III. СТРАСТИ  ПО  МЕБИУСУ

          Насчет «как» и «зачем» жить, мы ответим ниже, а насчет «куда», вариант мог быть только один. Поскольку мы, коре сарам, были  и есть русские или российские корейцы, то раз мы отсекли от себя первую, корейскую часть, то у нас оставалась вторая, русская, и значит, жить можно было, двигаясь неуклонно «в русское», что мы собственно и делали. А именно, возвращались во время или после распада СССР в Россию, там обустраивались, принимали национальные традиции, православную веру, не говоря уже о языке. Здесь вновь поневоле вспоминается детство. Забудьте, забудьте корейский язык! – твердила моя деспотичная бабушка, – никуда он вас не приведет! Учите только русский! Он вас спасет и прокормит! И она, мудрая, прагматичная – ничего что хвост, ничего что уродство, главное выжить! – была как всегда права. Я много раз уезжал в Россию, в Москву, где дважды учился, но почему-то опять, спустя время, возвращался в Алма-Ату.  Попытаюсь объяснить почему.
          Возвращаясь вновь в ту же Москву 21-го века, устраиваясь с помощью друзей на работу, привыкая и обживаясь, я в первую очередь понимал, как любой инородец, что главное для меня было обрести соответствие, соответствие русскому миру и жизни. А это значит, здесь так и хочется над собой ностальгически подшутить: научиться пить водку, буянить и драться, читать стихи проходящим мимо женщинам, влюбляться в них, заводить с ними отношения, трезветь и тосковать по бесконечности, в тоске улетать на Луну, возвращаться, опять заливать вином свои каверны, на утро,  опохмеляясь, надрывно читать стихи, но уже себе самому, и так по кругу…  
          А если  всерьез, говоря о больших городах, мегаполисах, то в первую очередь следовало соответствовать вненациональным требованиям твоего работодателя, то есть, быть исполнительным, точным, техничным, по сути, превратиться в робота, голема, безукоризненно выполняющего любые указания начальника.
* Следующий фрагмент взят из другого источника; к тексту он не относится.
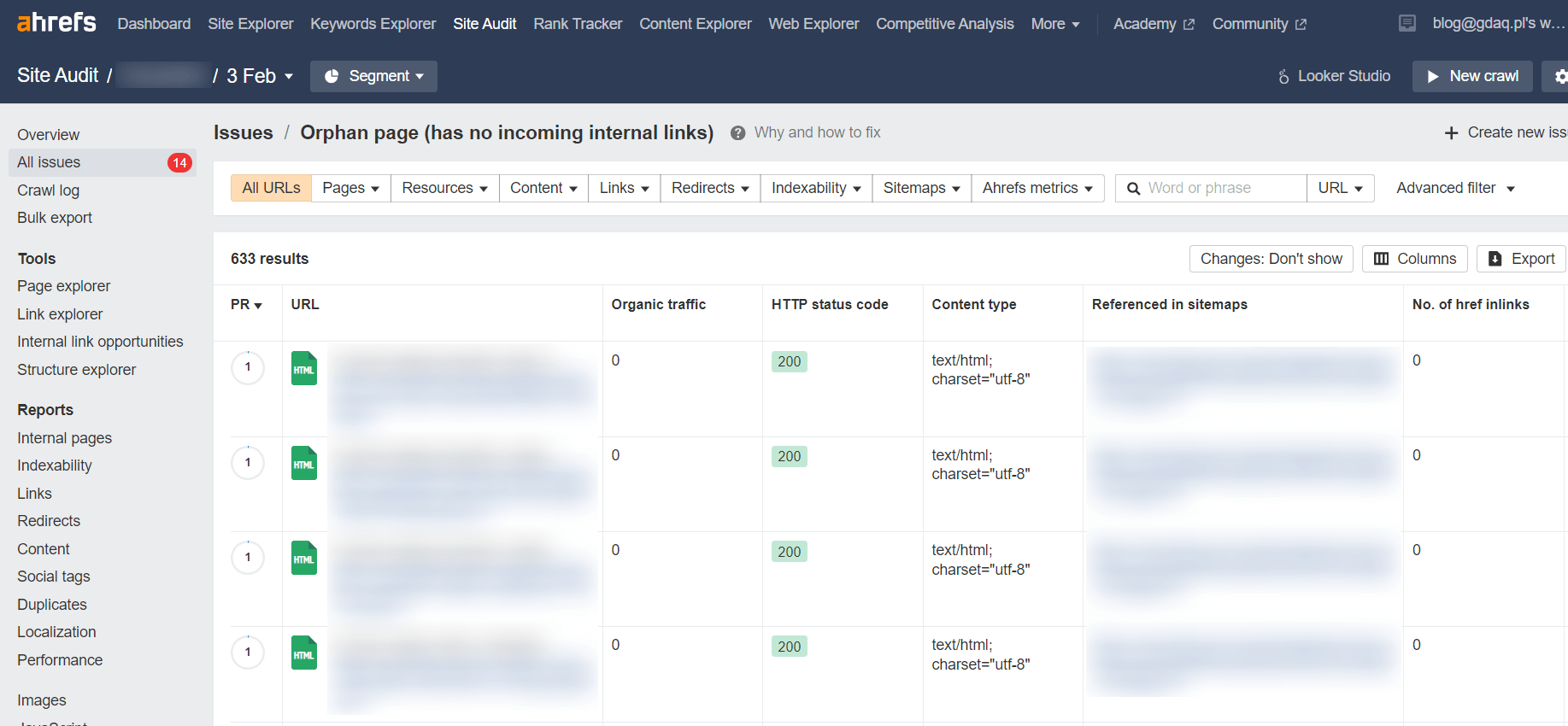 Większość narzędzi do audytów seo bez problemu będzie w stanie wskazać strony osierocone. Ja jak zwykle używam do tego Ahrefs.

И тогда будут деньги, карьера, крепкий быт, устойчивое движение по внешней, общественной поверхности жизни, а что касается другой поверхности, обратной и внутренней, то это приятель, увы, сугубо твои проблемы. И тогда со временем ты начинаешь тосковать по той своей сокрытой духовной жизни, которая никого абсолютно не волнует, ведь для всех ты всего лишь функция, исполнитель, но без которой ты, все-таки человек, хиреешь, угасаешь и задыхаешься.
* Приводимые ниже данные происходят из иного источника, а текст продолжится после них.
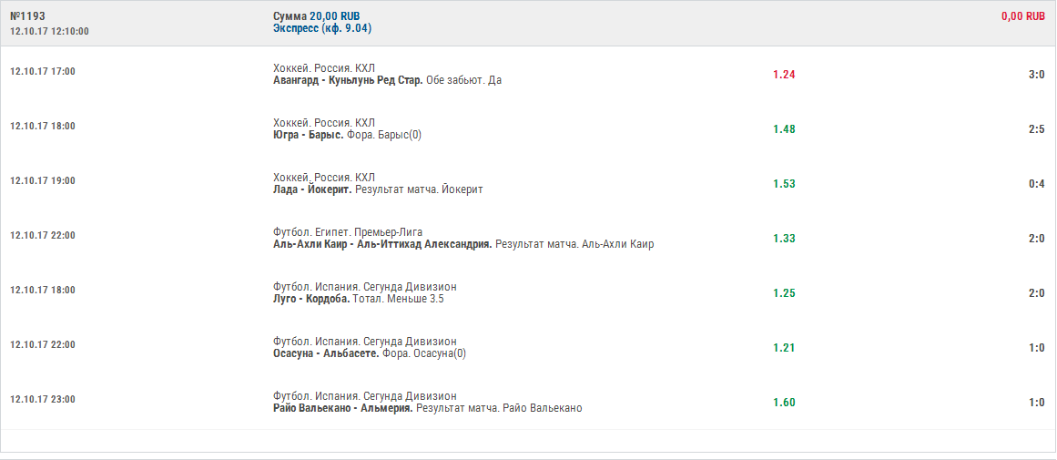 нормуль, правда кофики маленькие, я всегда около 2 беру. Малых кофов много набирать надо около 10 и вероятность прохода всех нереально мала, я раньше так делал, лучше я возьму два события с кофами 2 и будет общий 4, чем 10 событий с кофами 1,2. Был свидетелем ставки, паренк ставил на Барселону 1х, что она либо выиграет либо в ничью, он поставил 5000 гривен, чтобы наварить 400, кофик был что то там 1,01,,, ну не помню кароче очень маленький, он как бы думал что верняк верняковый, а барса все 90 минут сливала 01 и на 93 сравняла. Чувака чуть паралич не разбил за эти 90 минут, так как этот малолетка все деньги поставил, кредит походу взял. Так вот по опыту маленькие кофы не так уж часто и играют и я пришл к выводу что лучше работать со средними кофами и средними либо большими суммами. Например 2 кофа по 2 это 4 и кинуть на них полтишок 50.

          И здесь я опять позволю себе отступление. Я с детства, как и всякий, влюблен в ряд вещей, никак не оставляющих меня и притягивающих, сквозь годы, своим магнетизмом. Одним из таких завораживающих меня объектов является лист или лента Мебиуса. Сначала я узнал об этой чудо-ленте на уроке математики, а после, склеив ее так просто из полоски бумаги уже для себя, я упивался ее волшебством, ее магией: ведь двигаясь по одной поверхности ленты, я, или мой вымышленный герой, так легко и плавно переходил на другую и – обратно. И если считать одну поверхность ленты земной, то другая полностью соответствовала моей внутренней жизни, где было возможно все – мои фантазии, очарования, мои приключения. И так пребывая на двух плоскостях, а на самом деле, на больших, ведь ленту Мебиуса можно воспринимать как символ иных измерений, я представлял себе уже настоящую многомерную жизнь, какая и должна быть нам дана, – а иначе зачем жить? – когда ты, словно по мановению волшебной палочки, оказываешься в совершенно других мирах, лишь бы хватило твоей воли и фантазии.
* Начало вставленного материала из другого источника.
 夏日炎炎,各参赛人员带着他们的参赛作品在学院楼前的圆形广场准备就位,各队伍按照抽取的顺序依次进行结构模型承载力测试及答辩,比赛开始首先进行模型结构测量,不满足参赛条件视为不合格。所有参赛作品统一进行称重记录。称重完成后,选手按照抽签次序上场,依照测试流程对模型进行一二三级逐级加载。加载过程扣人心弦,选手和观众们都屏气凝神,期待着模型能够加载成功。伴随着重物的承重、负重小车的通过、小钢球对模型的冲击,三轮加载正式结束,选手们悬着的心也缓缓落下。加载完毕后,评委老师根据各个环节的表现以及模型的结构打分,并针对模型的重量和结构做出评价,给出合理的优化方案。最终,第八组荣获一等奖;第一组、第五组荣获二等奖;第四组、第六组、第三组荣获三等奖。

          И вот, когда я жил в той же Москве, или в каких-то других больших городах мира, я всегда с тоской вспоминал об этой магической ленте, словно напоминавшей мне о том, что есть иная жизнь, полнокровная и многоцветная. И значит, если я обустраивался на внешней поверхности жизни, то того же я жаждал для себя и на внутренней, и тогда я начинал тосковать по другу, а точнее, подруге, с которой я мог бы расчистить и обустроить ту маленькую комнату, в котором затаилась моя скукоженная Душа. И разве жизнь не создана для того, окончательно думал я, что, живя в одном измерении, ты вдруг, по большому волению, да самым счастливым образом, оказываешься в измерении другом, – причем чьей-то души и духа?


IV. ПРОТЕСТ

          Обладая множеством симпатий, пристрастий и предпочтений, я являюсь давним поклонником французской кинокартины Бертрана Блие «Вальсирующие», вышедшей на мировые экраны в 1974 году. История в фильме такова: два молодых человека, отъявленные, что называется, разгильдяи, Жан-Клод и Пьеро, живут в земном мире легко, скользя, совсем не отягощаясь его заботами. Но для того чтобы двигаться по этому миру, как по ленте, им нужна идея, которая двигала бы их упорно, так сказать, до победного конца. И эта идея вскоре находится. Раз они такие закадычные друзья, решают герои, то им для полного счастья, для полной гармонии, нужна женщина, одна на двоих, и если даже они, паче чаяния, из-за нее вдруг рассорятся, то обязательно, ибо дружба важнее, найдут себе другую. И вот в таких удачных или не очень любовных треугольниках они в художественном пространстве картины и пребывают. 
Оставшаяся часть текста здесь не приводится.